A number of the minority interest owners have participated in Point Thomson working interest owner meetings over the years, Brusenhan said. Minority interest owners were consulted on the 23rd POD and have been very involved in the plan’s development for 14-15 months, he said.

“This is a genuine POD that we think satisfies the objectives of the state,” he said.

Leede has not done its own analysis of Point Thomson data. Brusenhan said that would be a lot of work for a company the size of Leede, which although it has geoscientists on staff, would have to add staff and devote 100 percent of its time to Point Thomson. He said geoscientists at Leede have reviewed analysis done by the operator on Point Thomson and have not expressed any concerns about the plan.

Leede active in Texas, Oklahoma

Brusenhan said Leede is a smaller independent focused primarily in western Oklahoma and West Texas, although the company has also worked in other states.

In the early to mid-1980s, he said, Leede drilled what were at the time the two deepest wells ever drilled in North America, more than 25,000 feet, in Oklahoma. Some bigger companies had been unable to drill and complete the wells, and Leede took a farm out and drilled the wells, completed them and developed the gas field.

Last September, Brusenhan told Petroleum News, BP asked Leede to share expertise on how it drilled those deep gas wells and the company spent the better part of a day sharing expertise on how Leede was able to design the wells and understand the geoscience.

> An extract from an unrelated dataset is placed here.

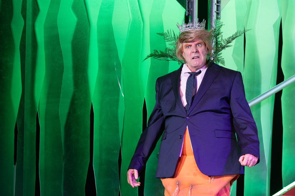 Humorosak voltak az ismétlődő helyzetek, pl. a rosé borról vagy a dohányzás tilalmáról szóló szövegek. Ez utóbbi látványelem is volt a színpadon, később a felkelés zászlóján jelent meg a No smoking! felirat áthúzva. Önkéntelenül is eszünkbe juthat a No kings USA-beli mozgalom, mely éppen az egyeduralomra törő elnök ellen indult, tiltakozásokat, felvonulásokat szervez napjainkban is. A répa, aki egy közülünk, a nép gyermeke, megcsúfolja a demokráciát.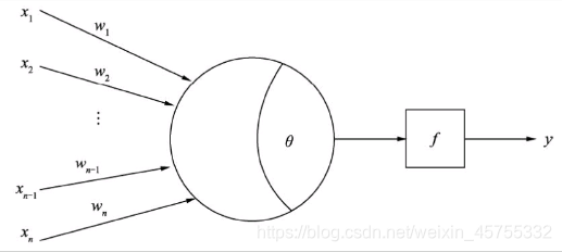 y = f ( ∑ i = 1 n w i x i − θ ) y=f(\sum^{n}_{i=1}w_ix_i-θ) y=f(i=1∑nwixi−θ)

Brusenhan said at the hearing that the minority interest owners feel that development of Point Thomson will increase oil and gas infrastructure in the state and should help encourage more independents to come to Alaska.

He told Petroleum News that long range Leede is interested in other things in Alaska. “Long range, we like Alaska,” he said. “We think they’ll be other opportunities in Alaska and we would like to do more in Alaska.” For Leede, Brusenhan said, Alaska is “like an international play … but it’s the United States of America: And that’s what its appeal is to us.”